- **The data**:

Segment Open

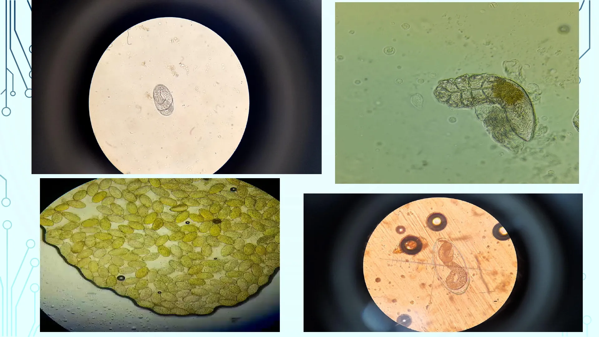 La etiología, en cuanto - situación o característica patológica, - Especificidad del hospedero,-Fase del efecto parasitario Localización y lesiones Fisiopatología, en cuanto a los grados y gravedad Diagnóstico con los métodos y sus limitaciones y bondades
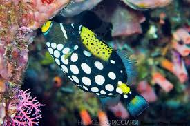 The clown triggerfish have sharp teeth and can bite if they feel threatened by you. The round spots on the lower side of the body and the cigar lips give it the name clown. The clown triggerfish can be recognised by its colouration.
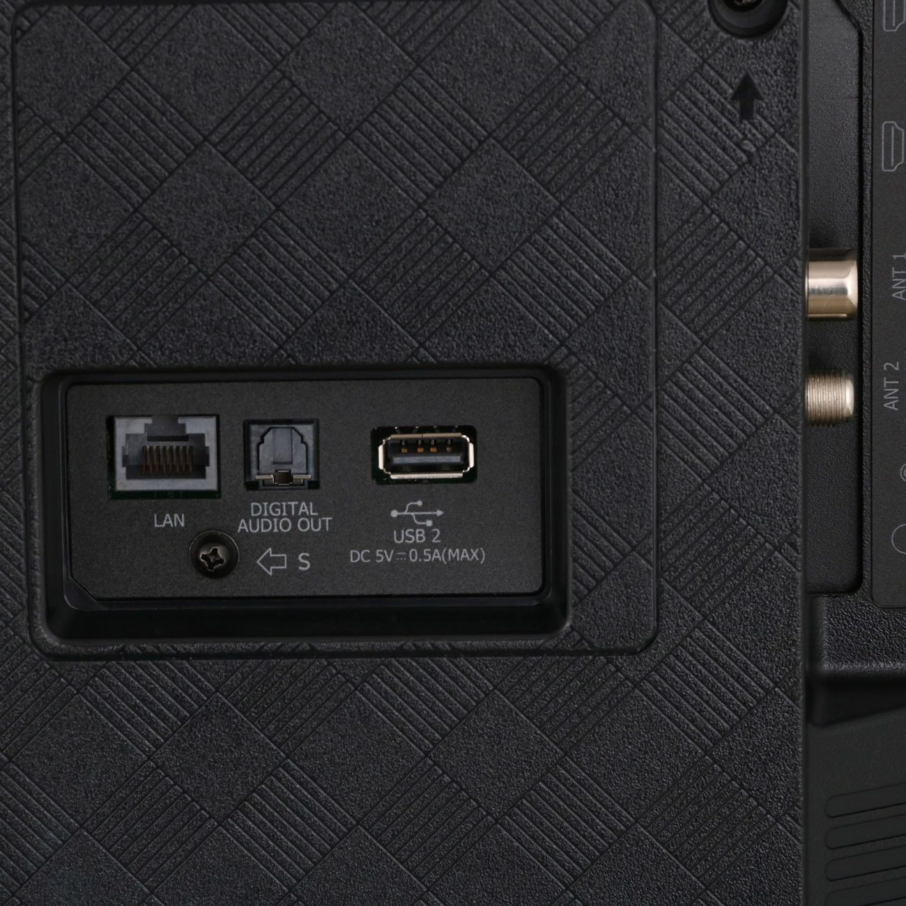 Устройство с потребляемой мощностью 200 Вт снабжено голосовым управлением. В комплект входит настольная подставка. Габариты: 104,4х167,6х37 см. Вес — 22,5 кг.
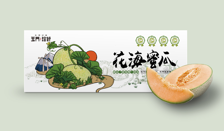 玉門珍好項目從品牌命名到形象終端落地,服務內容: 品牌全案策劃,品牌定位,品牌調性,賣點提煉,品牌命名,超級符號設計,LOGO設計,VI設計,包裝設計,終端形象設計,后期維護等,產品分為:黑枸杞、紅枸杞、胡麻油、韭菜、葵花籽、辣椒、藜麥、蜜瓜、蟠桃、葡萄、羊肉、羊羔肉和人參果13個類別,為了樹立一套有地域性、有產品個性和高度統一性的形象識別,智慧天成團隊受當地政府委托,用時半個月幾乎走遍玉門地標,充分了解掌握當地產業和文化,并提煉玉門最具代表性的人文、建筑、地理環境等元素,純手繪插畫形式把產品和玉門風情完美融合,形成一幅幅有創意的、生動的、美好情懷的迷人畫面。

Segment Closed

Reproduce verbatim the opening line of the material and every line after it, up to and including the line with "Устройство с потребляемой", but no pictures.

 La etiología, en cuanto - situación o característica patológica, - Especificidad del hospedero,-Fase del efecto parasitario Localización y lesiones Fisiopatología, en cuanto a los grados y gravedad Diagnóstico con los métodos y sus limitaciones y bondades
 The clown triggerfish have sharp teeth and can bite if they feel threatened by you. The round spots on the lower side of the body and the cigar lips give it the name clown. The clown triggerfish can be recognised by its colouration.
 Устройство с потребляемой мощностью 200 Вт снабжено голосовым управлением. В комплект входит настольная подставка. Габариты: 104,4х167,6х37 см. Вес — 22,5 кг.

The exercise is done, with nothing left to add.